BARU SAJA — Kepala Unit Pelayanan Perempuan dan Anak (Kanit PPA) Polres Luwu Utara resmi dicopot dari jabatannya. Pencopotan ini dikonfirmasi hanya beberapa jam setelah dugaan aksi kekerasan terhadap seorang tahanan mencuat ke publik.
Langkah tegas ini diambil menyusul laporan yang menyebutkan seorang tahanan mengalami luka serius hingga harus dilarikan ke rumah sakit. Korban yang identitasnya belum diungkap ke media kini masih menjalani perawatan intensif.
Kronologi dan Investigasi
Unit Profesi dan Pengamanan (Propam) Polres Luwu Utara bergerak cepat.
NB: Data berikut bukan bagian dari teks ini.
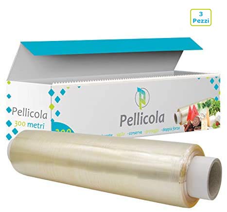 ✅ RICEVERAI - 3 rotoli Pellicola alimentare in Pvc da 300 metri di lunghezza, con larghezza pari a 30 cm, con box incluso. Prodotto "Made in Italy", sinonimo di alta qualità della pellicola che risulta essere resistente e elastica, proteggendo al meglio i tuoi alimenti.

Tim investigasi internal langsung diterjunkan untuk mengusut isu sensitif ini. Pemeriksaan terhadap sejumlah saksi mata dan rekan sejawat terlapor kini memasuki babak krusial.
- Korban: Tahanan tidak disebutkan identitasnya, kondisinya dilaporkan mengalami trauma fisik dan tengah dievakuasi ke fasilitas kesehatan.
- Terlapor: Oknum polisi berpangkat Inspektur Satu (Iptu) yang sebelumnya menjabat posisi strategis di Unit PPA.
- Status: Telah dinonaktifkan dari seluruh tugas struktural dan sedang menjalani proses disiplin serta kode etik Polri.
Respons Institusi
Pihak Kepolisian Resor Luwu Utara memastikan tidak akan menutup-nutupi pelanggaran. "Kami sedang membuktikan secara ilmiah melalui konstruksi hukum," demikian keterangan resmi tanpa menyebut nama juru bicara. Penonaktifan dilakukan untuk memuluskan proses pemeriksaan agar berjalan transparan dan mencegah intervensi.
Situasi di Mapolres dikabarkan meningkat. Meski eskalasi keamanan masih kondusif, pengawasan internal diperketat secara darurat. Kasus ini menjadi sorotan tajam karena melibatkan seorang perwira yang seharusnya menjadi pelindung bagi kelompok rentan.
Proses Hukum Lanjutan
Saat ini Propam fokus pada pengumpulan alat bukti. Jika terbukti melanggar, terlapor tidak hanya menghadapi sanksi etik berat berupa Pemberhentian Tidak Dengan Hormat (PTDH), tapi juga jeratan pidana umum. Pasal penganiayaan yang mengakibatkan luka berat tengah dijadikan dasar penyelidikan.
Publik Sulawesi Selatan menanti perkembangan konkret. Transparansi investigasi ini dinilai sebagai ujian kredibilitas institusi Polri dalam membersihkan oknum yang menodai seragam kebanggaan. Hingga berita ini diturunkan, tim kedokteran masih melakukan visum terhadap korban untuk memperkuat konstruksi pelanggaran.